Adding a New Species¶
stangene is designed to be extensible. Adding support for a new model organism requires three steps.
Step 1: Add a SpeciesConfig¶
In src/stangene/species.py, add an entry to _SPECIES_CONFIGS:
_SPECIES_CONFIGS["rat"] = SpeciesConfig(
name="rat",
ensembl_prefix="ENSRNOG",
transcript_prefix="ENSRNOT",
naming_convention="capitalized", # or "uppercase"
reference_sources={
"rgd": {
"url": "https://download.rgd.mcw.edu/data_release/GENES_RAT.txt",
"description": "RGD rat gene annotations",
},
},
)
If the new species has unique feature classification patterns (e.g., a new Ensembl prefix), add them to CLASSIFICATION_PATTERNS:
CLASSIFICATION_PATTERNS.insert(0, (re.compile(r"^ENSRNOG\d+"), "gene"))
CLASSIFICATION_PATTERNS.insert(0, (re.compile(r"^ENSRNOT\d+"), "transcript"))

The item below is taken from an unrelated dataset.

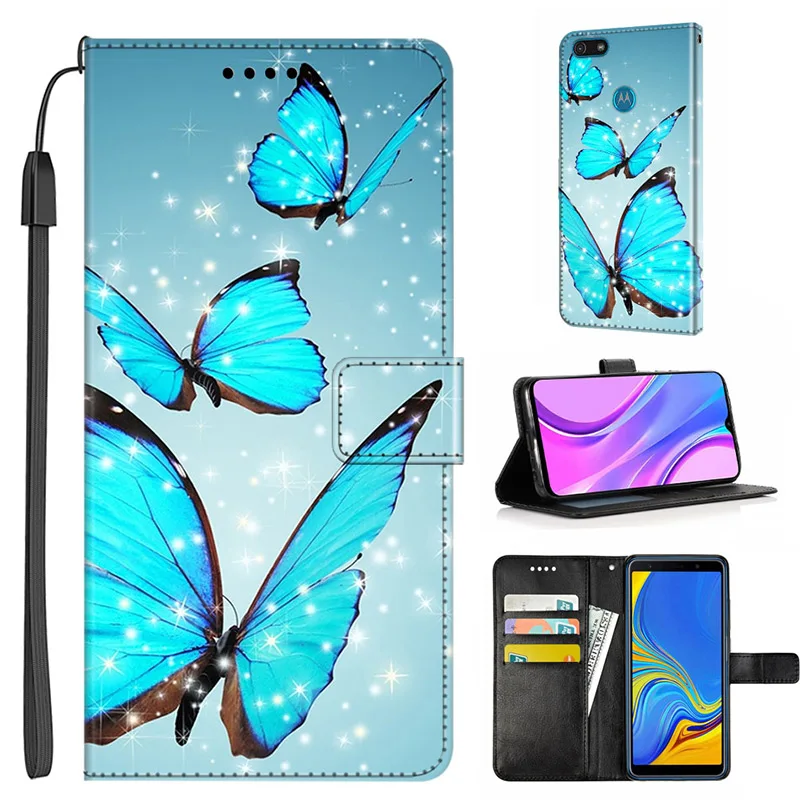 Кожаный чехол для Motorola Moto E7 Plus, мощный Чехол-книжка с рисунком, кошелек с подставкой для карт для Moto E6 Play E6s 2020, роскошная симпатичная сумка

Step 2: Implement a reference builder¶
In src/stangene/references.py, add a _build_rat_reference() function:
def _build_rat_reference(config, ref_dir: str) -> None:
"""Build rat reference from RGD gene data."""
url = config.reference_sources["rgd"]["url"]
raw_data = _download_file(url)
checksum = hashlib.sha256(raw_data).hexdigest()
# Parse the source file into a gene_table DataFrame with columns:
# ensembl_id, symbol, alias_symbols, prev_symbols, gene_type, status, source, source_id
gene_table = ... # your parsing logic here
# Build the flattened symbol lookup index
symbol_lookup = _build_symbol_lookup(gene_table, source="RGD")
# Save metadata
metadata = {
"species": "rat",
"download_timestamp": datetime.now(timezone.utc).isoformat(),
"sources": {"rgd": {"url": url, "sha256": checksum, "rows": len(gene_table)}},
"gene_count": len(gene_table),
"lookup_count": len(symbol_lookup),
}
_save_reference(ref_dir, gene_table, symbol_lookup, metadata)
Step 3: Register the builder¶
In the build_reference() function, add the dispatch:
elif config.name == "rat":
_build_rat_reference(config, ref_dir)
Key requirements¶
The
gene_tablemust have columns:ensembl_id,symbol,alias_symbols,prev_symbols,gene_type,status,source,source_idensembl_idcan be null for genes without Ensembl annotation;source_idserves as fallbackalias_symbolsandprev_symbolsare pipe-delimited strings_build_symbol_lookup()handles the flattening automatically
Testing¶
Add test fixtures with mock data for your species in tests/test_references.py, following the pattern of the existing human (HGNC) and mouse (MGI) tests.